> _MATERIAL PROVIDED_
==========

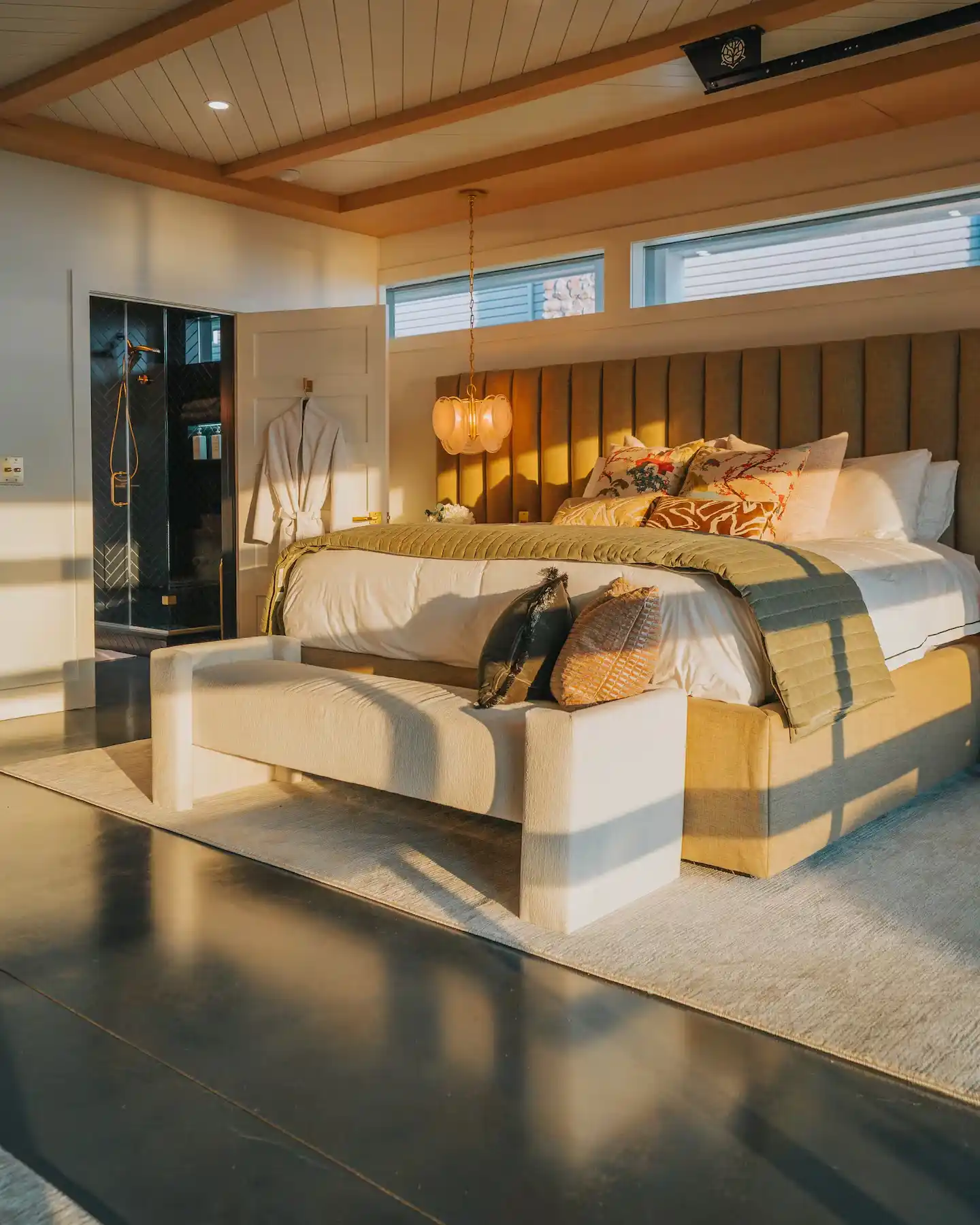 The extremely comfortable king bed takes center stage, providing the perfect setting for unwinding after
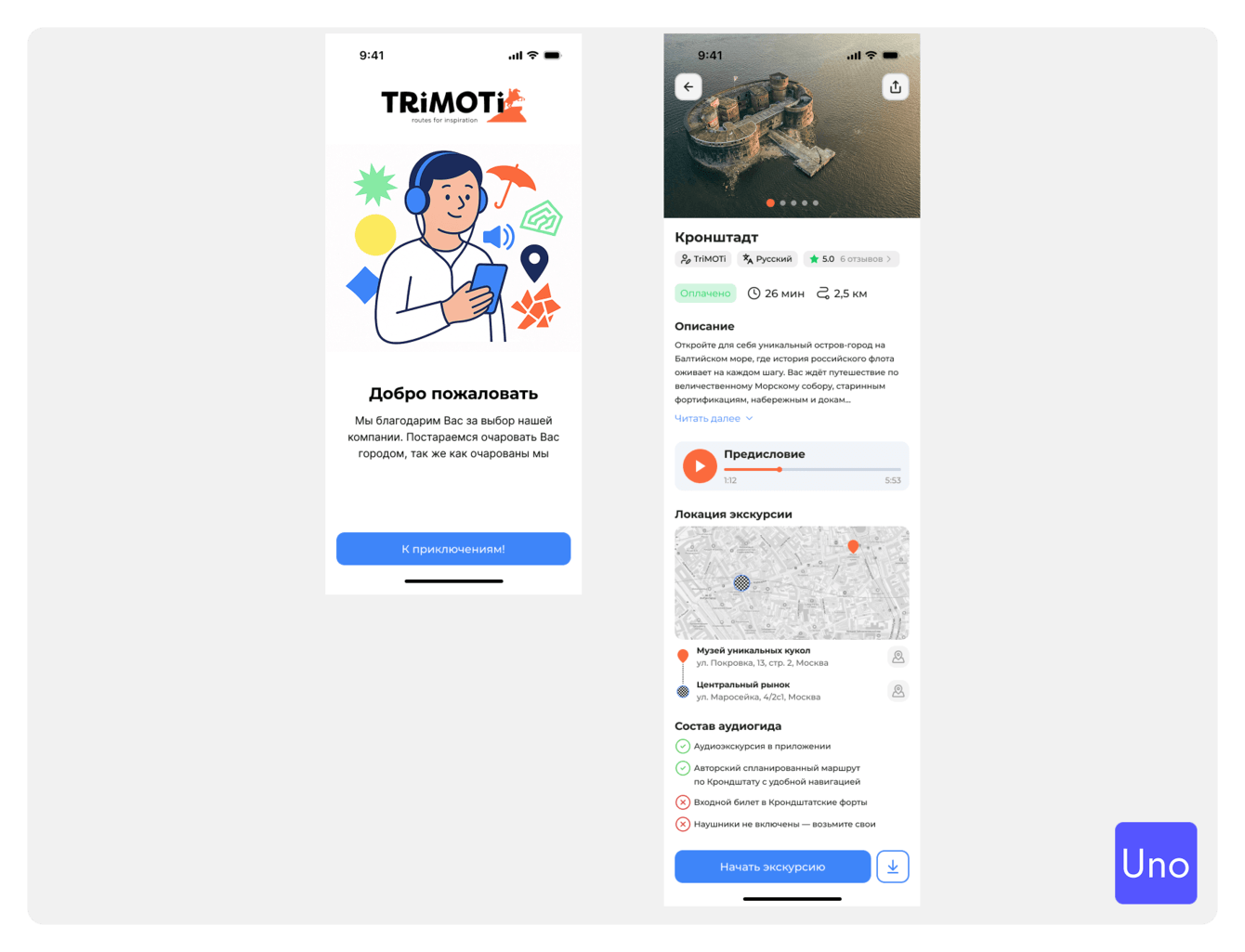 При первом входе и сканировании QR-кода купленной экскурсии пользователь попадает на экран онбординга, а далее на экран с описанием экскурсии.
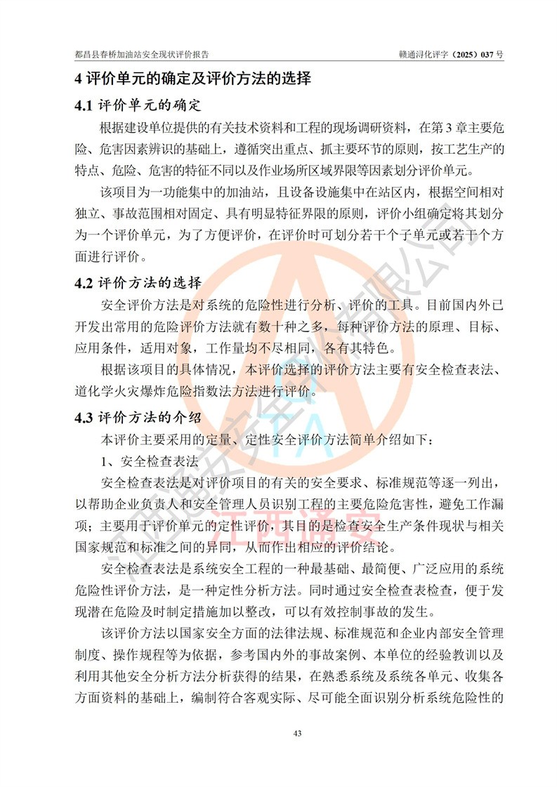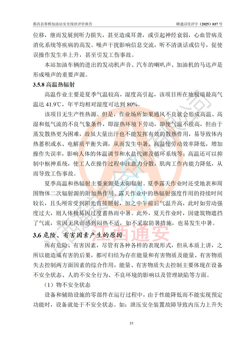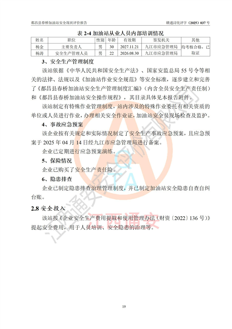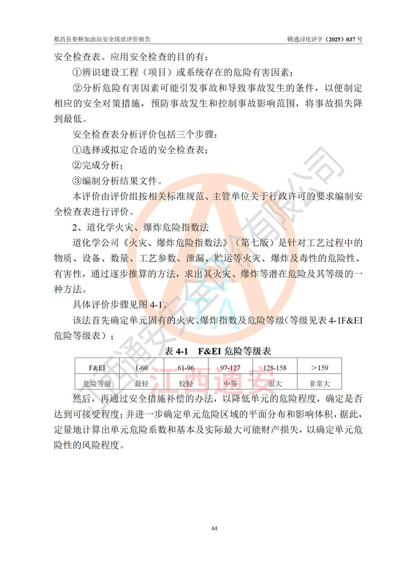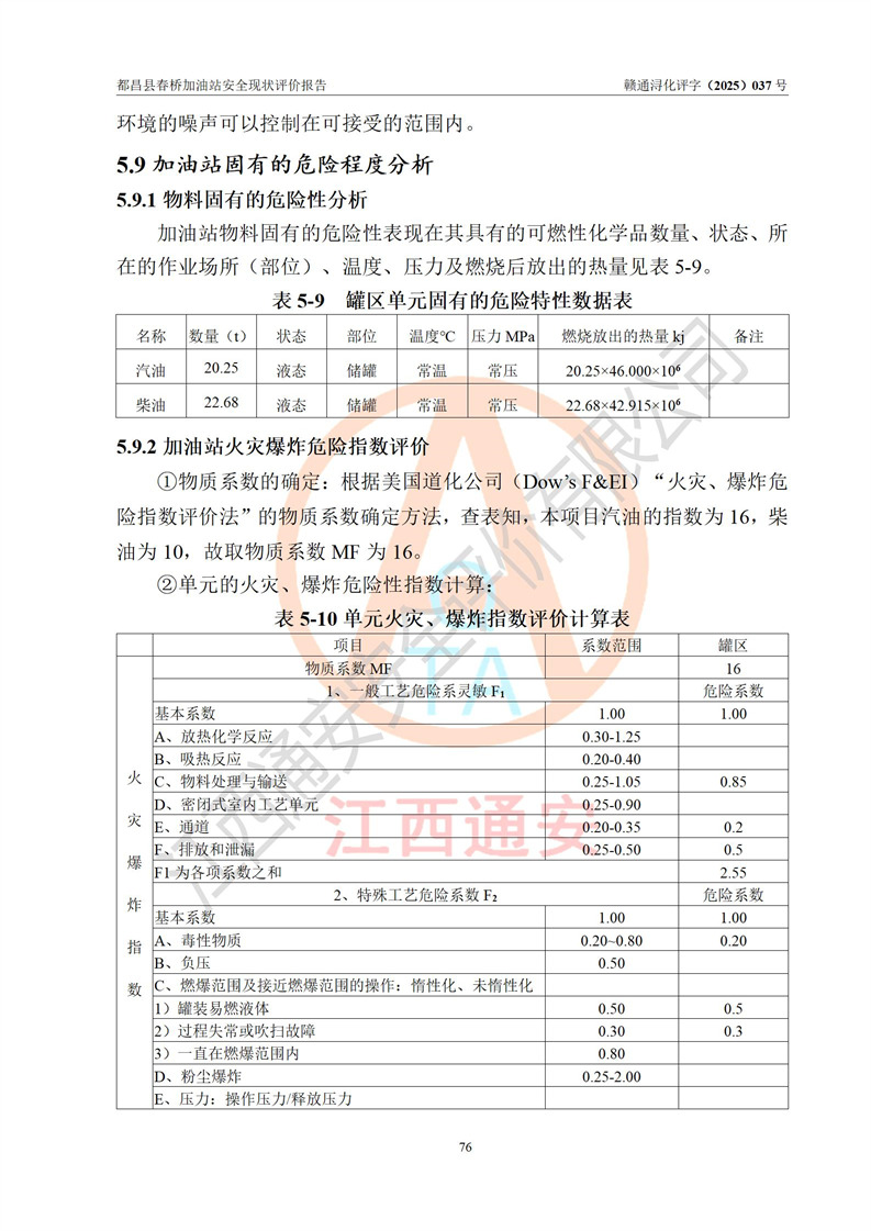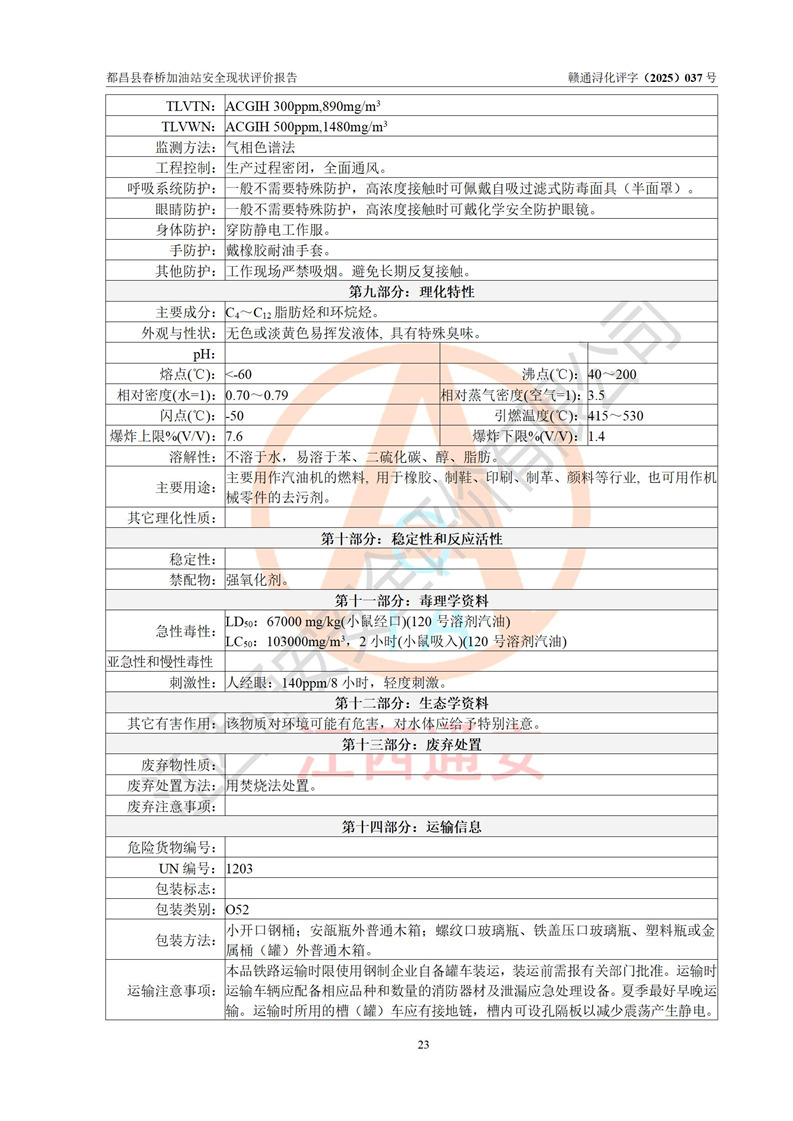 評價結(jié)論 | 都昌縣春橋加油站涉及的安全條件、安全經(jīng)營條件、安全生產(chǎn)管理符合《危險化學(xué)品經(jīng)營許可證管理辦法》、《汽車加油加氣加氫站技術(shù)標(biāo)準(zhǔn)》等**有關(guān)法規(guī)、標(biāo)準(zhǔn)、規(guī)范要求,能滿足危險化學(xué)品經(jīng)營安全條件。 | |||

==========

> _TASK STATEMENT_
Output the material word for word, and keep the pictures out.

> _WRITTEN SOLUTION_
 The extremely comfortable king bed takes center stage, providing the perfect setting for unwinding after
 При первом входе и сканировании QR-кода купленной экскурсии пользователь попадает на экран онбординга, а далее на экран с описанием экскурсии.
 評價結(jié)論 | 都昌縣春橋加油站涉及的安全條件、安全經(jīng)營條件、安全生產(chǎn)管理符合《危險化學(xué)品經(jīng)營許可證管理辦法》、《汽車加油加氣加氫站技術(shù)標(biāo)準(zhǔn)》等**有關(guān)法規(guī)、標(biāo)準(zhǔn)、規(guī)范要求,能滿足危險化學(xué)品經(jīng)營安全條件。 | |||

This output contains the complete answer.